Glen Nelson, a surgeon and health care innovator and patriarch of one of Minnesota's most prominent families, died Saturday at age 79.
Nelson, of Long Lake, who died from congestive heart failure, had been in Egypt seeking medical treatment, his family said.
The husband of former Carlson CEO Marilyn Carlson Nelson, Glen Nelson had a long and distinguished medical and business career. He performed general surgery for 17 years for Park Nicollet Medical Center, serving as its chairman and chief executive from 1975 to 1986. Later, he applied his medical expertise to helping fashion medical devices as vice chairman of Medtronic from 1986 to 2003.
More recently, he served with numerous other medical technology companies — as director and board chairman at Cardiovascular Systems Inc. (CSI) of St. Paul, as director at NxThera Inc. of Maple Grove and as a special adviser of Itamar Medical Ltd., based in Israel.
"The great thing about my dad was that he had a tremendous footprint in health care," said Diana Nelson, a daughter of Glen and Marilyn and chairman of the board at Carlson. "He started with individual patients, [then went to developing] pacemakers at Medtronic and investing in multiple health care companies to help them grow."
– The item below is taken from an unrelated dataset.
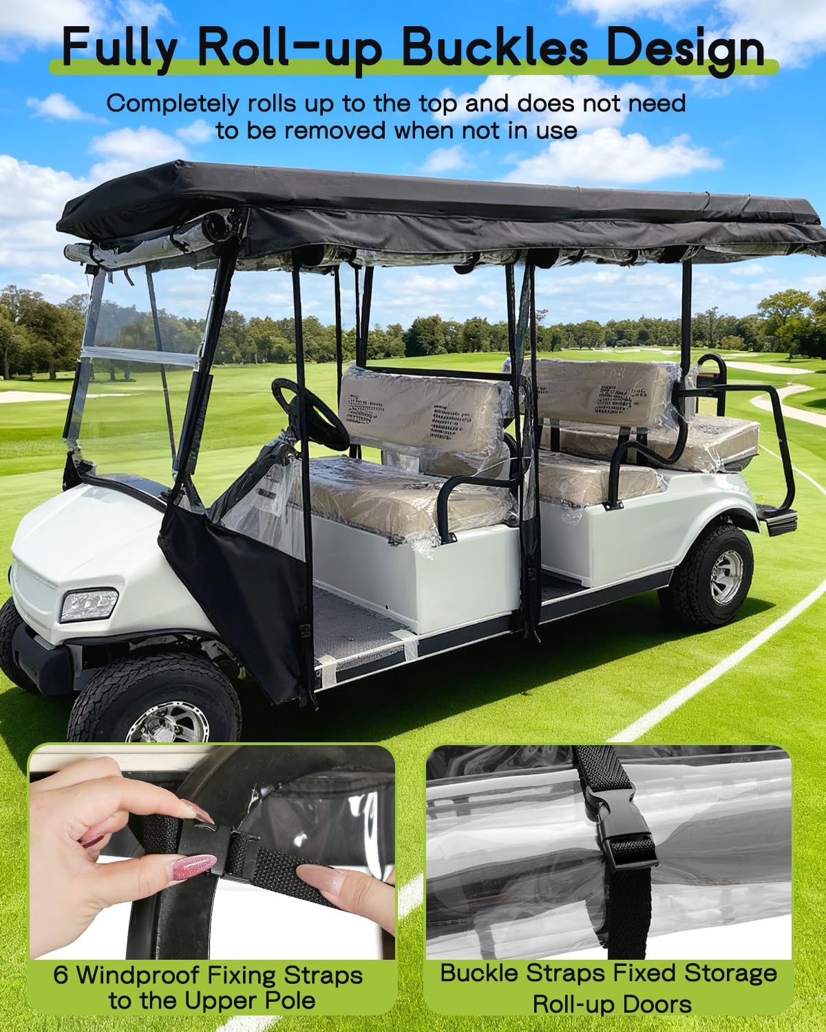 FULL ROLL-UP DESIGN: The front windshield roll-up curtain can be pulled up to the top and secured with a buckle strap when not in use, and the other curtains can be fully rolled up and secured with a buckle strap for storage, making it easy to get in and out of the golf cart and access your belongings, as well as allowing you to ensure ventilation and a wide field of vision while driving safely. No need to disassemble when not in use.

Of his transition from surgeon to medical company executive, Nelson once said, "As a surgeon you save one life at a time, but with medical devices, you know you are saving so many more."
Bill George, a former chief executive at Medtronic who knew Nelson for more than 40 years, said no one knew more about medicine and business strategies.
"He never wanted credit or to be out in front, but we had $13 billion in acquisitions that Glen led," he said. "He took us beyond pacemakers and defibrillators."